ACTUALITÉS
Ateliers
pour enfants dans un grand magasin de la banlieue bordelaise
EXPOSITION
U.F.O.L.E.A.
Il était habituel
que le groupe girondin participe à l'élaboration de l'exposition U.F.O.L.E.A.
qui a lieu chaque année à la Galerie des Beaux-Arts,
en plein centre de Bordeaux.
Cette année,
plusieurs camarades pensèrent qu'il serait bon que l'on participe à cette
exposition, mais en essayant de sortir de son cadre traditionnel (forme
de exposition lieu).
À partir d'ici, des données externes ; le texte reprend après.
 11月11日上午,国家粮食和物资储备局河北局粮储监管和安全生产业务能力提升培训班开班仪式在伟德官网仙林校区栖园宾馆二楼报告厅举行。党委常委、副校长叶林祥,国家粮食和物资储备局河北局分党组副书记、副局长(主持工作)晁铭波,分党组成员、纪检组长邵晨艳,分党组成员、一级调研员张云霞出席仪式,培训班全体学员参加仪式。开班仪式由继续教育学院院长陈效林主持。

Des contacts furent pris avec le syndicat des commerçants
et finalement parallèlement à l'exposition dans la Galerie des Beaux-Arts
où une était consacrée à la pédagogie Freinet des oeuvres des enfants
de nos classes (peintures, sculptures, tapisseries, plâtres etc.) furent
exposées dans les vitrines des commerçants du centre de la ville avec
le macaron I.C.E.M. - Pédagogie Freinet.
Déjà, cette
manifestation entrait dans le cadre de la sensibilisation de la ville
au prochain congrès I.C.E.M. de Pâques 75.
KERMESSE
PUBLIQUE
Dans la même
optique, le groupe décida de participer à la kermesse de l'école publique
qui se tient chaque année, au mois de juin, au Parc Bordelais. Dans cette
kermesse non pédagogique (défilé de chars, stands style pêche à la ligne...)
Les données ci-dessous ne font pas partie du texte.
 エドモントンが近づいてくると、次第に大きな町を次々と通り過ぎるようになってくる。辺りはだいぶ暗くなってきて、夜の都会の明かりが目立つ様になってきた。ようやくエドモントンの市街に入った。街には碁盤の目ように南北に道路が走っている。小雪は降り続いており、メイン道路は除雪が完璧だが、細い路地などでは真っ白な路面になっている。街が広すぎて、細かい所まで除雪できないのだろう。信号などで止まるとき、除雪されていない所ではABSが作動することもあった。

quelques copains du groupe installèrent des ateliers (peinture, argile,
nombreuses activités artistiques...) où enfants et parents affluèrent
jusqu'à ce que les matériaux viennent à manquer.
Il faut noter
que cette kermesse du Parc rassemble surtout des enseignants et qu'elle
présente pour les enfants un milieu privilégié (plein air, parc magnifique
kermesse publique, etc.).
Notre participation
à cette manifestation fut, semble-t-il, appréciée par nos collègues, surtout
parce qu'elle apportait, par l'installation de ces ateliers, une note
originale à la traditionnelle kermesse de l'école publique.
Déjà la kermesse
du Parc, l’expo U.F.O.L.E.A. nous avaient permis
de prendre contact avec la presse (radio locale : interview de deux
copains pour l'expo ; journal local Sud-Ouest :
le journaliste se consacrant aux problèmes d'éducation de la jeunesse
avait suivi ces manifestations et avait écrit deux articles).
II nous était
ainsi possible d'annoncer la tenue du prochain congrès LC.E.M.-pédagogie Freinet dans notre ville mais ces manifestations
étaient bien loin du congrès et l'on ne pouvait penser que l'information
serait suffisante pour l'annoncer. II nous fallait dès la rentrée scolaire,
organiser une autre manifestation qui, plus proche du congrès, informerait,
sensibiliserait le plus grand nombre possible à notre pédagogie. De nombreuses
idées jaillirent : en ville, sur les trottoirs, dans un quartier populaire,
dans une citée, dans une salle, sous le chapiteau...
Mais de toute
façon une journée où les enfants de nos classes, de l'extérieur pourraient
travailler dans des ateliers que l'on aurait préparés. Finalement ce fut
le hall du grand magasin Rond-Point qui fut
choisi pour le lieu et le mois de novembre pour la date. Déjà au sein
du groupe deux tendances s'étaient dégagées : ceux qui voulaient
par ces manifestations faire descendre la pédagogie dans la rue, « faire
éclater l'école » et ceux qui restaient sceptiques, pensant
que ces manifestations extérieures à nos classes n'étaient peut-être pas
le meilleur moyen d'intégrer notre pédagogie à la population.
Cependant tout
le monde s'attela à la tâche afin que la journée du 6 novembre au centre
commercial Rond-Point soit une réussite !
LES CONTACTS :
Le directeur
du magasin Coop (principal magasin du centre
commercial) fut contacté, de même que le directeur général du centre Rond-Point.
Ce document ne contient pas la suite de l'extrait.